Income Inequality and North Carolina Health Care: A Tale of Two Extremes

by Nomad

Without the Medicaid expansion, health care for the poor of North Carolina has become a real problem.  Of course, you'd never know it by the looks of salaries paid to CEOs of  non-profit healthcare organizations. 


To put it bluntly, If you are poor in North Carolina, don't even think about getting sick.
  
The Tarheel State is one of 20 states that rejected Obamacare's optional Medicaid expansion. Governor Patrick Lloyd "Pat" McCrory and a Republican-majority legislature left healthcare coverage as it stood, covering some 1.9 million residents, around only a fifth of the state's population. 

Surviving in the Gap
Not everybody was happy with the arrangement. Advocates of the expansion claimed that another 500,000 people might have been added to the rolls, including tens of thousands of childless nondisabled adults.  
USNews reported last October that there was a good reason for this dissatisfaction. The states' Medicaid program is broken.
Bureaucratically antiquated and growing faster than state revenues, it has gone over budget in three of the past four years, and its taxpayer cost and total enrollment have both doubled over the past decade. Last year, it cost North Carolina taxpayers $15 billion, nearly a third of the budget and more than twice what the state spent in 2003.
At the end of 2015, Gov. McCrory signed into law a bill to reform North Carolina's overgrown and out of control Medicaid program.
However, this reform will take, by the official estimate, around four years to become fully implemented. Supporters claim that it will reduce existing spending by 2%, saving hundreds of millions every year. 
How accurate that is is anybody's guess. But one thing is clear, until then, the uninsured poor in the state are going to have to live with things as they are. 
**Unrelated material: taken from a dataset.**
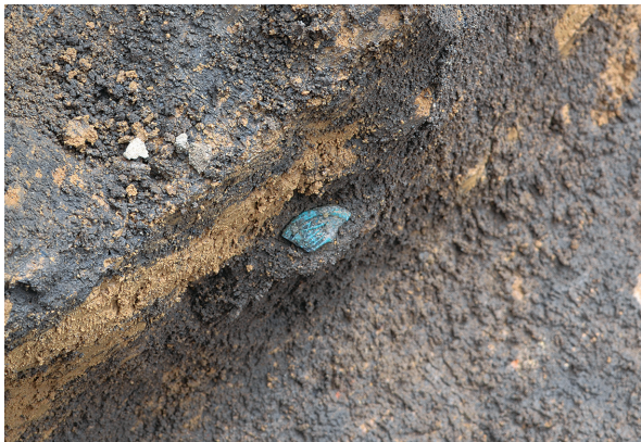
北区第10号竖穴建物跡遺物出土状況（北西から）

Currently in the states that have opted out for the expansion, you have to be a child, pregnant or disabled to get Medicaid. And because the Medicaid expansion of the Affordable Care Act (ACA) was designed to accommodate the millions through a subsidy program, these people are caught in a coverage gap: This is defined as people  who are not eligible for Medicaid but also not eligible to buy private insurance at the exchanges because their incomes are above the poverty line. That's about $11,000 a year for an individual.  
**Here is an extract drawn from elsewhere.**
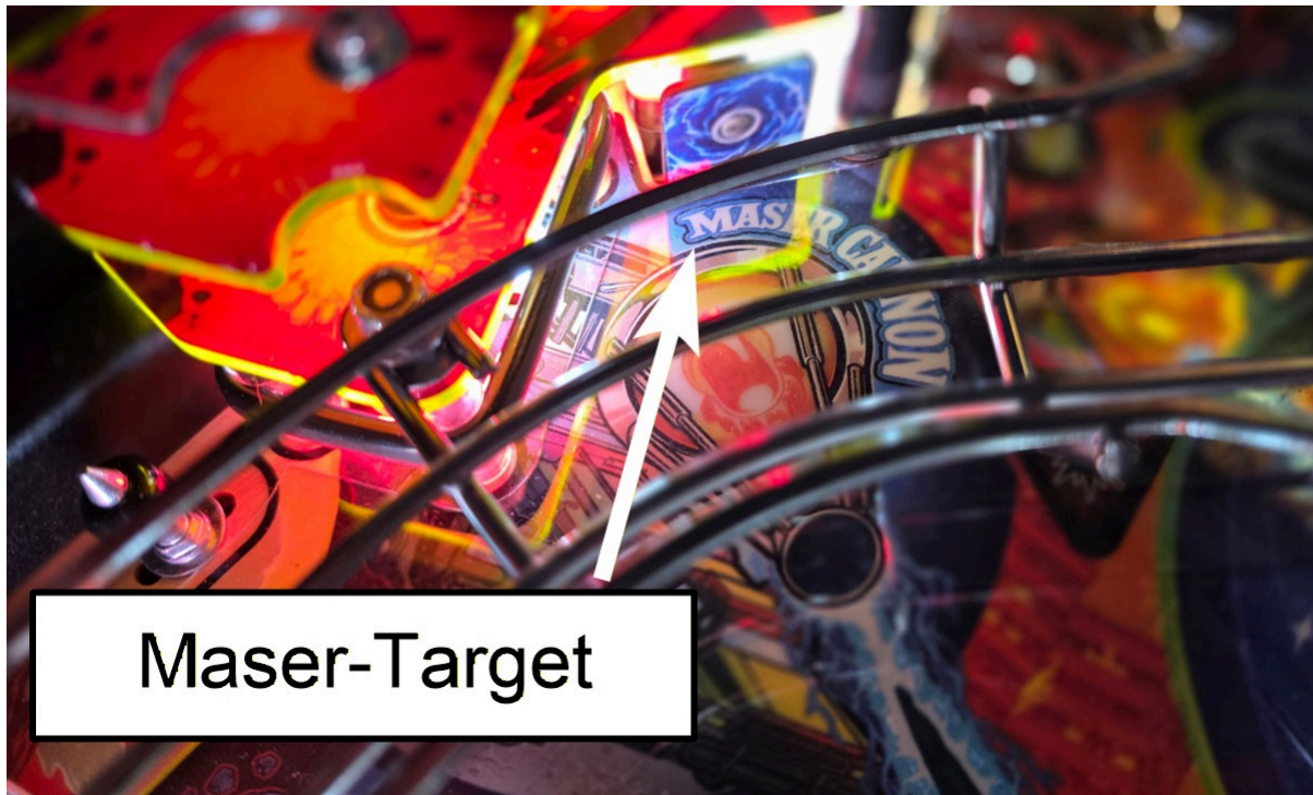
Maser-Target auf der linken mittleren Seite

Die Phasen: Erst schießt ihr auf die weißen Pfeile (Zielphase), dann auf das Maser-Target (Einrastphase), um die Schallwaffe zu aktivieren. Schließlich leuchtet der Schlagturm für 15 Sekunden für den Saucer Jackpot . Wenn der Timer abläuft, endet die Saucer Jackpot-Phase und die Zielphase beginnt von vorne. Jeder Saucer Jackpot fügt eine neue Kugel hinzu, sodass dieser Multiball eine ganze Weile laufen kann!

Back in January 2014, NPR profiled the healthcare plight of the rural residents of some of the poorest counties in North Carolina. 
The question was: what can be done for people who have fallen between the cracks?
...the name of the game is finding inventive ways that low-income consumers can earn enough to reach the poverty line in order to qualify for a subsidy.
The NPR article details the rural poor desperately trying to find ways to boost their incomes to push them over the poverty line. This includes things like selling wild ginseng in front yards tomatoes from their garden. Or by claiming as income from taking care of an aging neighbor or babysitting. 
One healthcare navigator is quoted in that piece:
"Folks are trying to use every source of income, whether it's selling tomatoes from their garden, or perhaps they've never actually sold the hay off of their field, they've just always let their nephew cut it for free."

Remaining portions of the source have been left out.